EXERCISE MATERIAL |
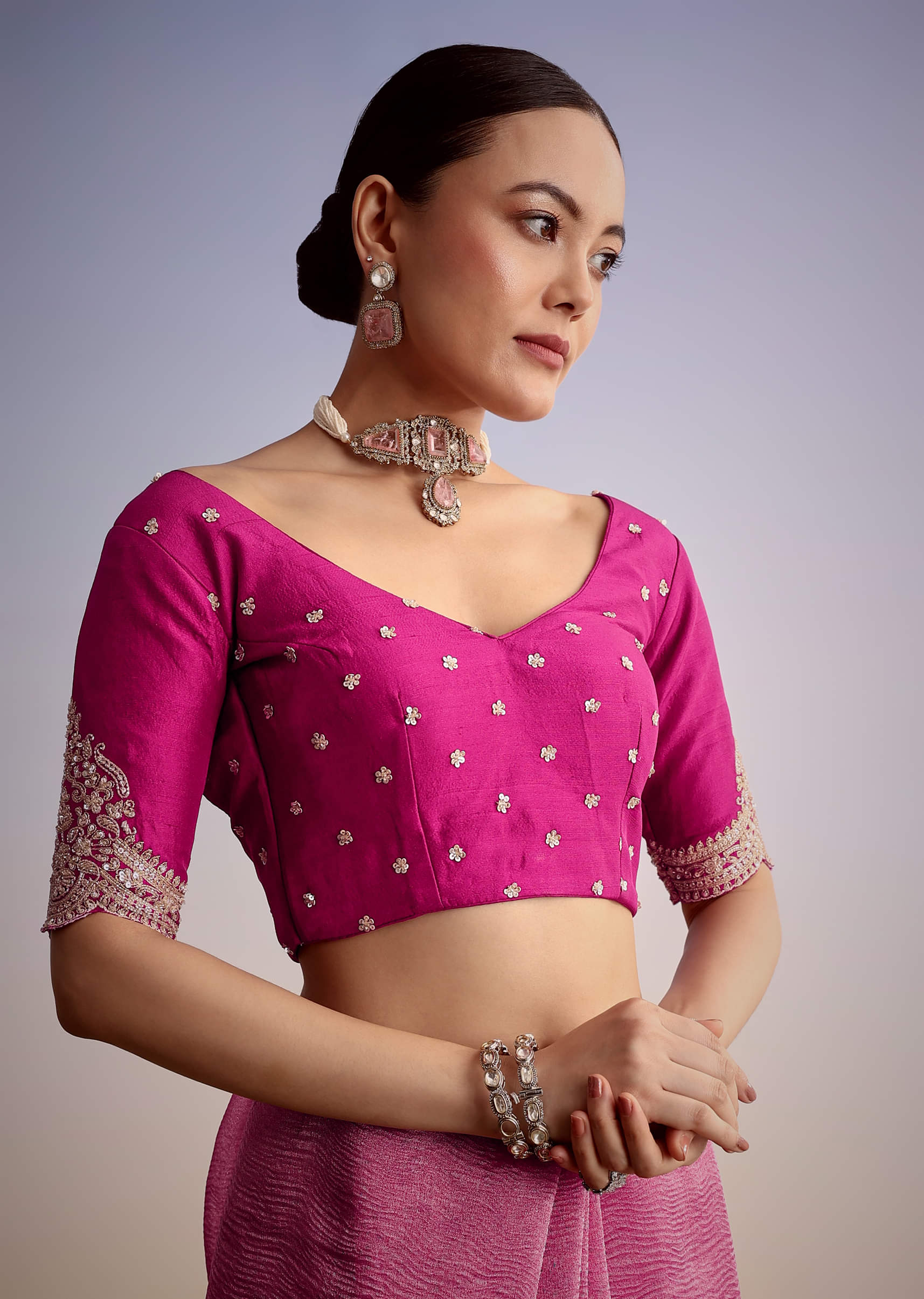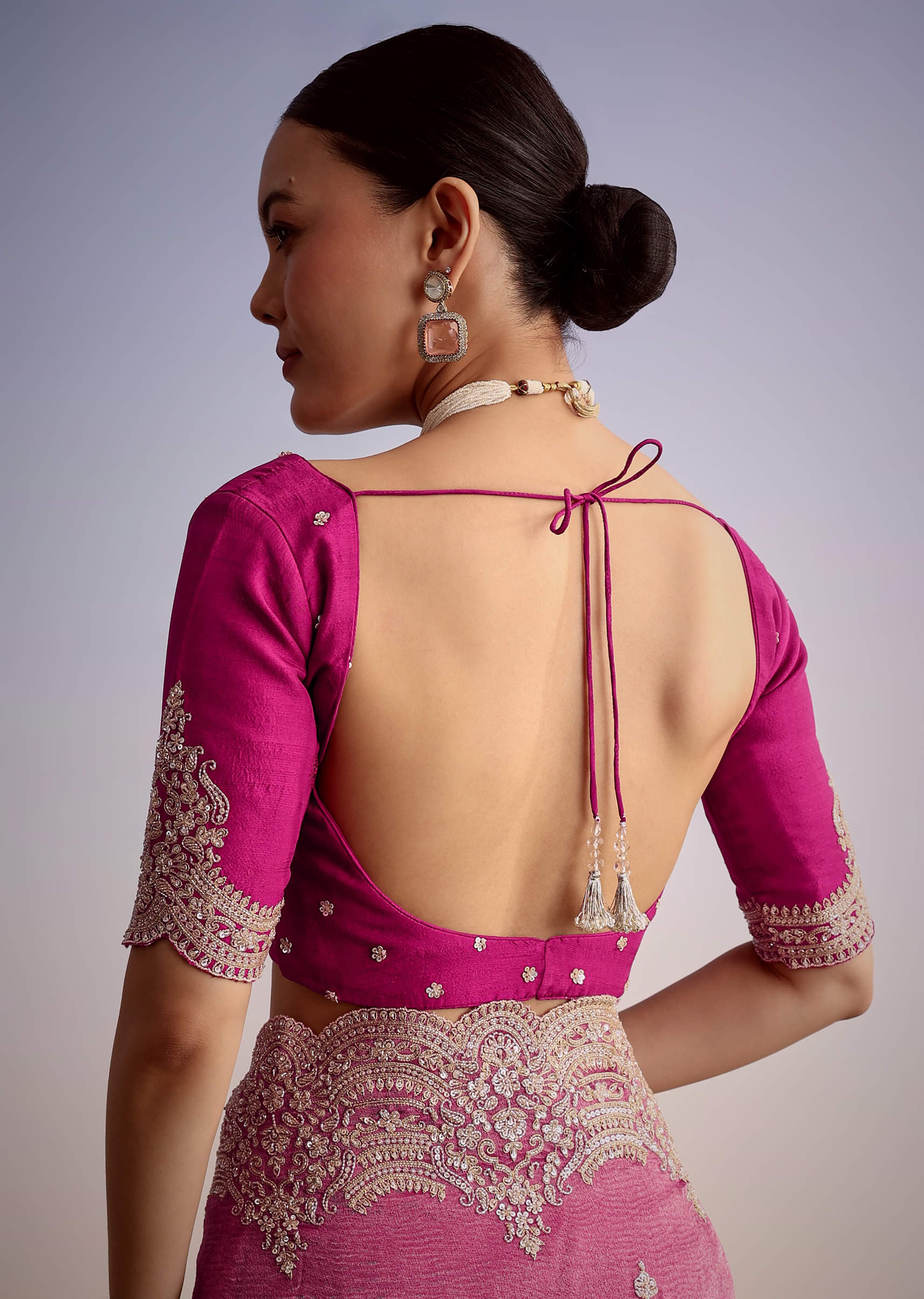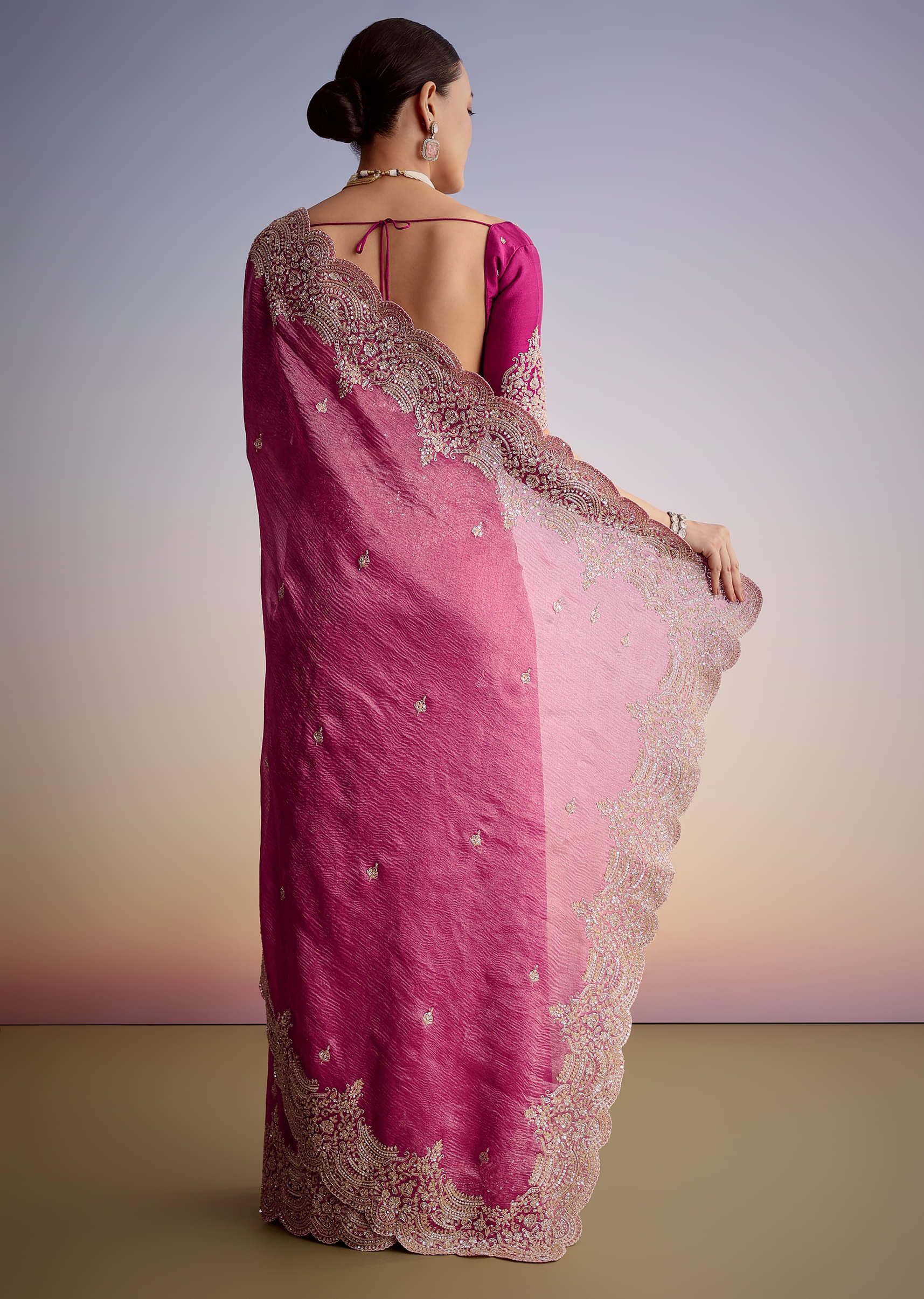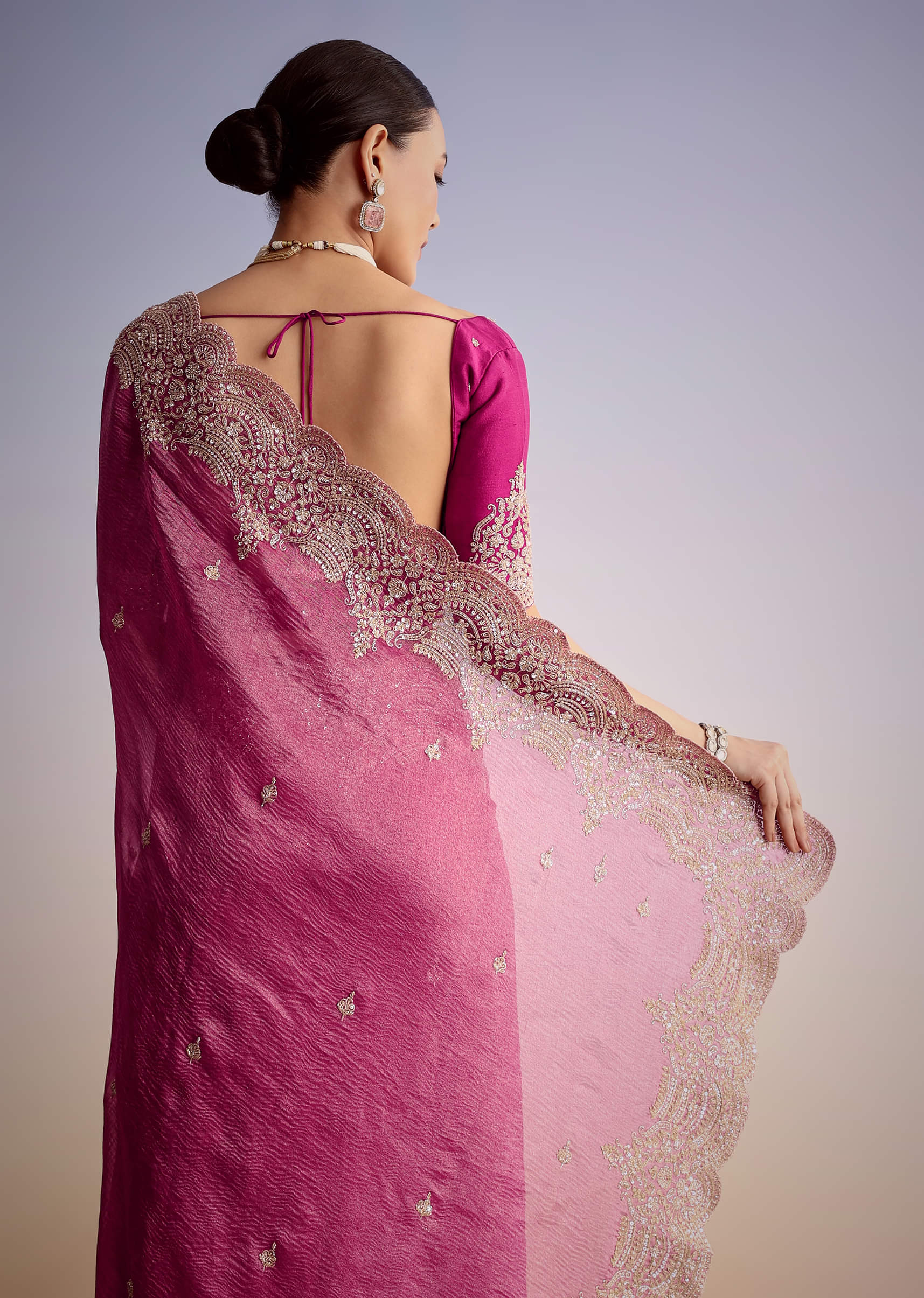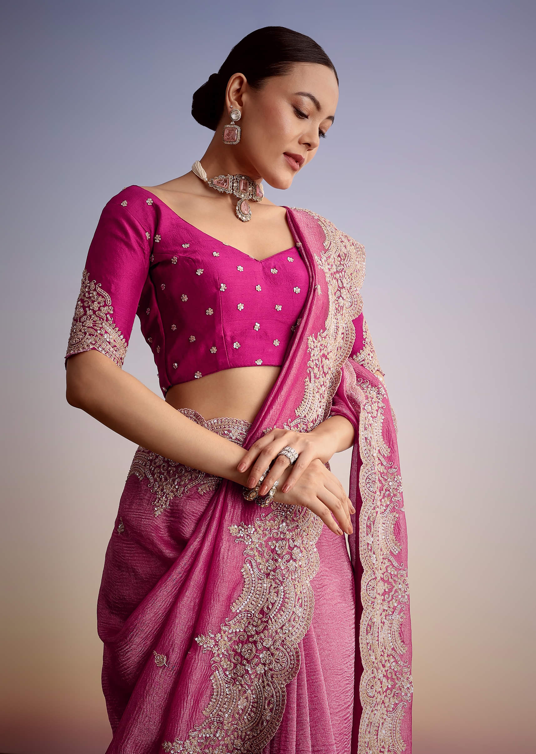 A striking purple crush tissue saree with heavy embroidery. Scallop border and blouse detailed with zari, sequins, beads, and cutdana. Textured finish elevates the ensemble's appeal. Made for contemporary ethnic... More Product Details
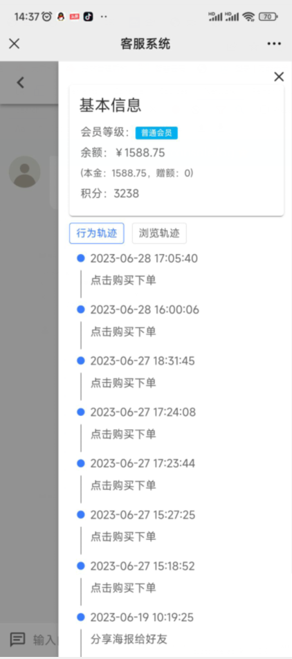 6、用戶雷達,捕捉用戶行為軌跡和瀏覽記錄,賦能客服促成單
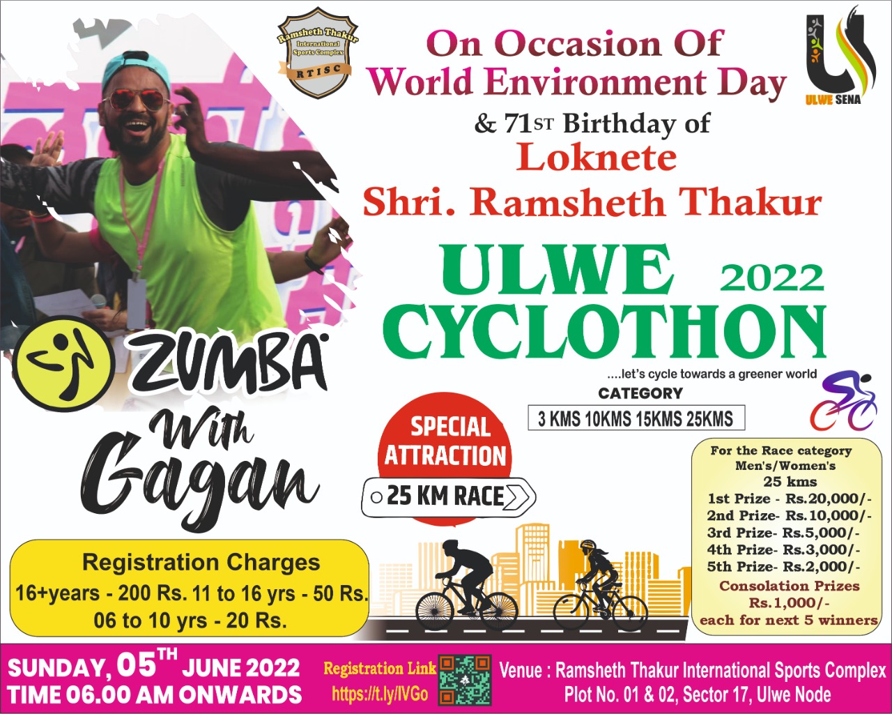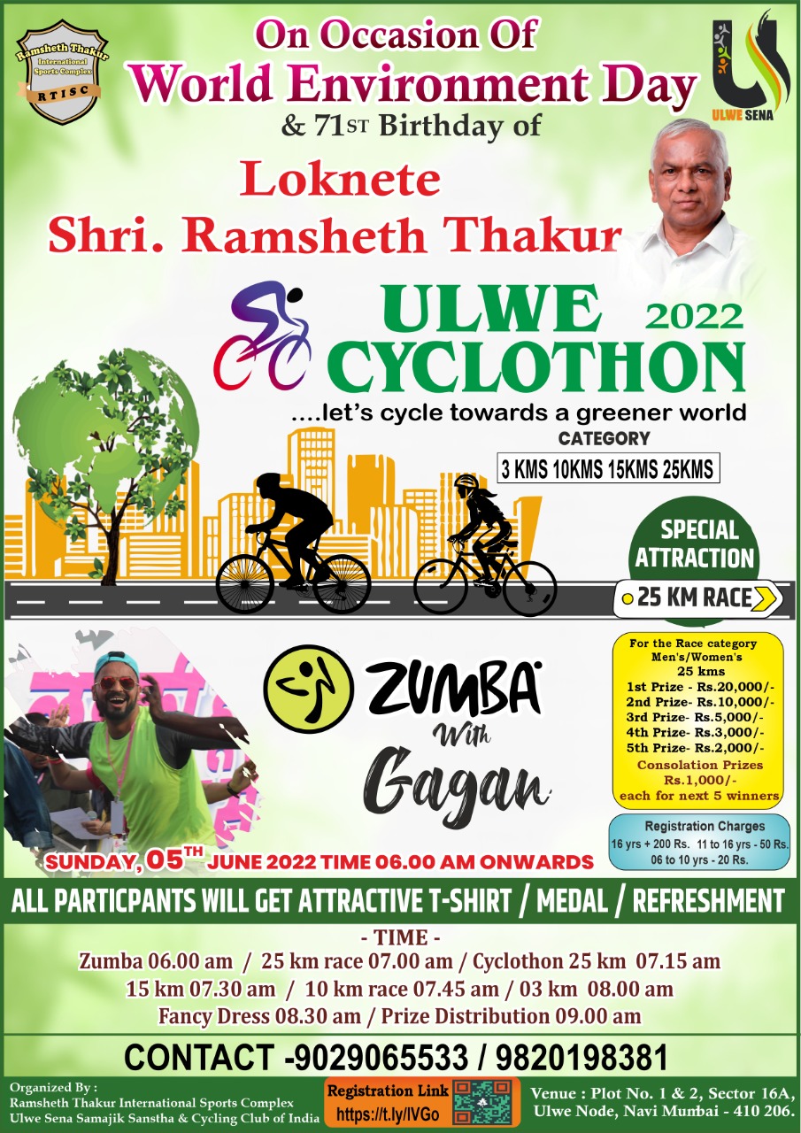 On the Occasion of World Environment Day and the 71st birthday of Loknete Shri Ramsheth Thakur, Ramsheth Thakur International Sports Complex and Ulwe Sena Samajik Sanstha has organized Cyclothon and Race for the First Time in Ulwe, Navi Mumbai
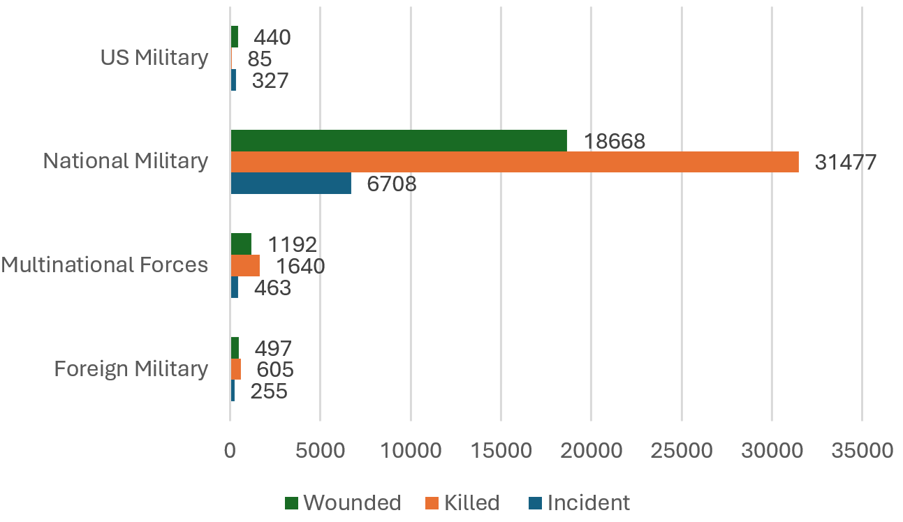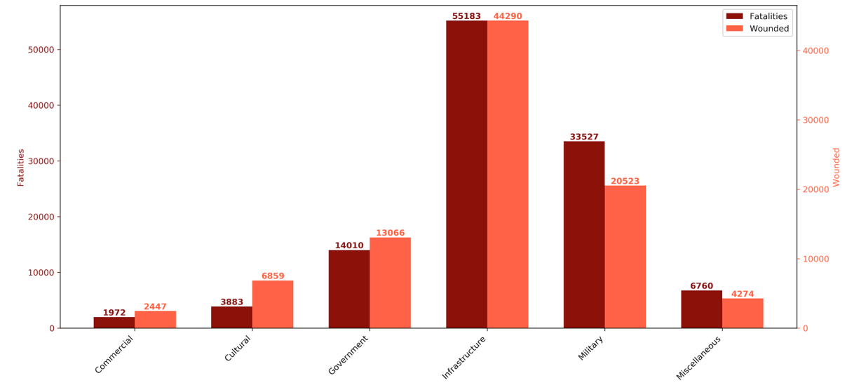 The data show that attacks on infrastructure resulted in the most casualties, with 55,183 deaths and 44,290 injuries. This confirms that infrastructure is the most targeted category and indicates that many sites—such as transportation systems, residential areas, schools, and healthcare facilities—are heavily populated and often lack sufficient protection, making them highly vulnerable.
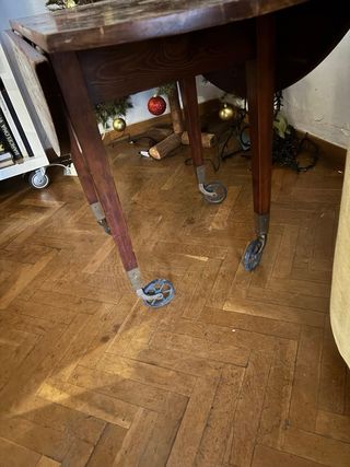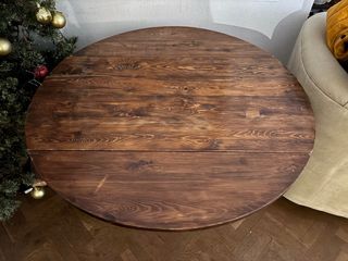 De madera de pino, con terminaciones de latón y ruedas, muy cómoda y practica 99cm de diametro
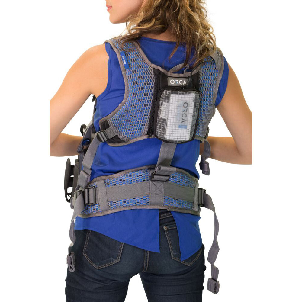 The OR-40 utilizes an EVA skeleton with mesh fabric to ensure light weight and breathability while the padded back increases comfort. A special sliding system adjusts, so the harness can fit any operator of any size. The OR-40 can be attached to any ORCA audio bag and allows separate use of the top and bottom sections.
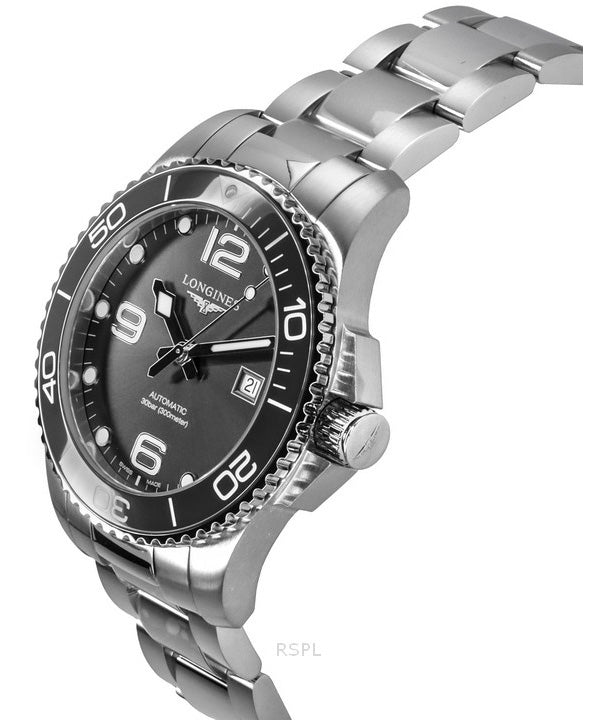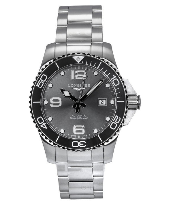 Longines Hydroconquest Stainless Steel Sunray Grey Dial Automatic Diver's L3.782.4.76.6 300M Men's Watch
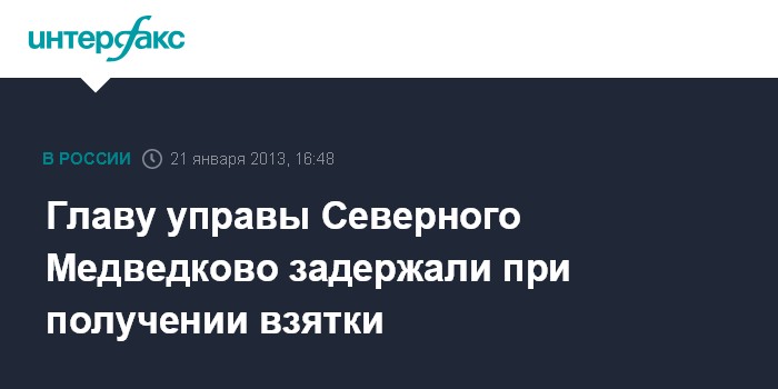 Москва. 21 января. INTERFAX.RU - Глава управы столичного района Северное Медведково задержан при получении 3,5 млн рублей в виде взятки, сообщили "Интерфаксу" в пресс-службе ГУ МВД России по Москве.
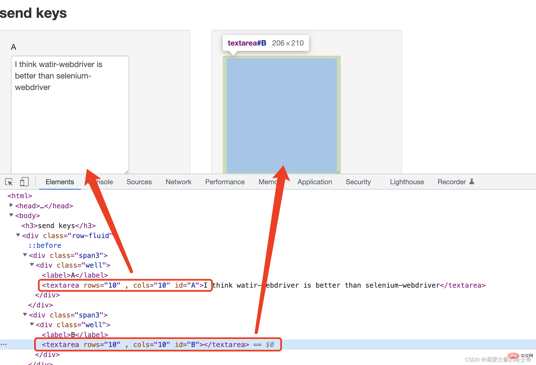 利用我们本地的 sendkeys.html 文件,实现鼠标键盘的模拟事件操作。sendkeys.html 文件的页面元素如下图:
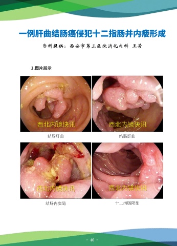 >>> 西北内镜快讯 资料提供:西安市第三医院消化内科 王芳 结肠肝曲 结肠肝曲 结肠内窦道 十二指肠降部 - 39 - - 40 -

WORK REQUIRED |
Text only, no pictures: please print exactly the lines above from the line with "The data show" up to and including the line with "De madera de", and nothing else.

ANSWER SPACE |
 The data show that attacks on infrastructure resulted in the most casualties, with 55,183 deaths and 44,290 injuries. This confirms that infrastructure is the most targeted category and indicates that many sites—such as transportation systems, residential areas, schools, and healthcare facilities—are heavily populated and often lack sufficient protection, making them highly vulnerable.
 De madera de pino, con terminaciones de latón y ruedas, muy cómoda y practica 99cm de diametro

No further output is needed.